Tony Woodlief | Author

Conflict of Visions

I suppose the Constitution has seen better times. Time Magazine asked last year if it’s still relevant, a former Speaker of the House scoffed at the notion that a radical expansion of federal power might be forbidden by it, and a fair portion of Americans can’t tell you the first thing about its contents.

We’ve become so preoccupied with teaching the mechanics of the Constitution (e.g., three branches, bicameral legislature, checks and balances) that we have forgotten a truth about man that informs it, and which undergirds its very purpose.
United States Constitution

That scrap of wisdom is that man is self-interested, possessed of limited knowledge, and self-deceiving. All of which means that he is capable of doing evil and calling it good.

The American founders understood this, but it flies in the face of our modern civic religion, which may be summed up as a faith in the goodhearted man. Voters hew to their parties like tribes, and come election time they quickly learn to parrot the narrative of virtue about their major candidate, handed down to them by their tribal shamans. The problem with America, they think, is that we just need to get rid of the bad people and put in some good, honest, hard-working leaders to direct us to a bright, shining, jobs-filled future where gas stays below three dollars a gallon.

Once people get worked into a frenzy about the goodness of their leader—be he a former oil man who promises to whip the daylights out of the terrorists, or a former community organizer who promises free medical care—they get impatient with people who question their man, and impatient with restraints on his power.

Thus do so-called conservatives back radical expansions of federal power in wars against drugs and terrorists, and thus do so-called liberals restrict the meaning of the word “choice” to the extraction of unwanted fetuses. We’ll do so much good for you, each tribe tells us, if we can just have some running room.

To which the Founders would reply: we shot and bombed and bayoneted a whole pile of guys for talking that way.

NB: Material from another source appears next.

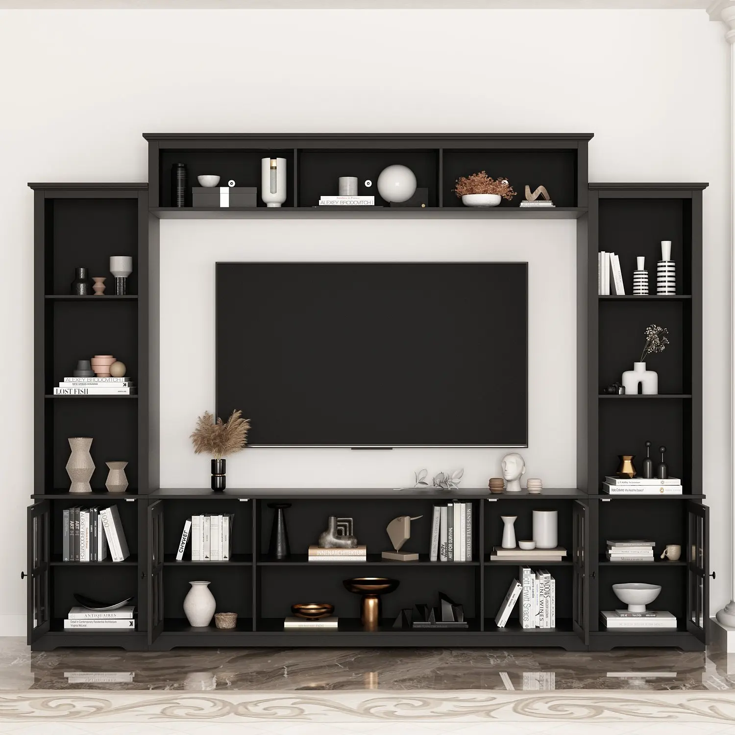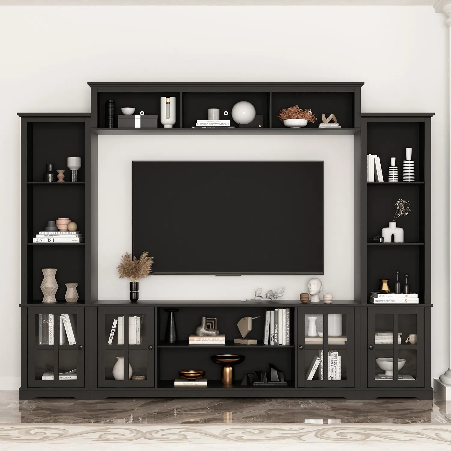 Modern TV Stand for up to 66" TVs, 4-Piece Wall Unit with Bookshelves, Glass Doors & Open Shelves, for Living Room

America has a Constitution that restrains the federal government precisely because man, no matter how virtuous compared to his fellows, can deceive himself, once he holds the reins of power, and enslave the rest of us in pursuit of his vision of heaven on earth. We would do well to remember that, and teach children the same.

So on Constitution Day, while of course I hope everyone reads the document itself, I recommend we all spend a little time getting reacquainted with Thomas Sowell’s Conflict of Visions.

And if you’ve never heard of it, well, you’re welcome.